Similar content being viewed by others
Avoid common mistakes on your manuscript.
Introduction
The choroid is attached to the sclera in the normal eye. It may be displaced by serous fluid or blood accumulating inside the potential space between the uvea and sclera, leading to choroidal detachment [1]. Serous choroidal detachments are typically associated with low intraocular pressure (IOP) or ocular hypotony, and most commonly occur after eye surgery. Inflammation, trauma, malignancy, and certain medications can also cause serous choroidal detachment [2,3,4,5,6,7,8].
Like the choroid, the ciliary body may also detach, resulting in hypotony caused by reduced aqueous humor production.
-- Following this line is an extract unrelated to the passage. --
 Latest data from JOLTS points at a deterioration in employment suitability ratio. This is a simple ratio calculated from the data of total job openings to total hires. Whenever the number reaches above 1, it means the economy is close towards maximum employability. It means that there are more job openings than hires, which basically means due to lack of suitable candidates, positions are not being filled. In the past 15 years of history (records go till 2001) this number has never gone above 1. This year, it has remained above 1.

The simultaneous detachment of the choroid and the ciliary body (ciliochoroidal detachment), may result in ocular hypotony and compromise visual acuity [7, 9].
Ultrasound biomicroscopy (UBM) is a well-established noninvasive anterior-segment imaging method for diagnosing the presence and extension of choroidal and ciliary body detachments, as well as for the assessment of their clinical course [9,10,11,12].
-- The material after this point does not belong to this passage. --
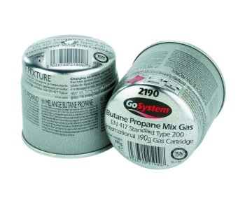 Pierceable gas cartridge that is suitable for a variety of cam stoves and burners. Contains fuel under pressure. Highly flammable

The aim of the present study was to examine the rate of ciliary body detachment in patients with choroidal detachment following glaucoma surgery and its effect on the clinical course, management, and prognosis.
Methods
A prospective observational case-series study was conducted in a single tertiary university-affiliated medical center. The study was approved by the local Institutional Ethics Committee of the Rabin Medical Center, Petach-Tiqva, and adhered to the tenets of the Declaration of Helsinki. Written informed consent was obtained from all participants.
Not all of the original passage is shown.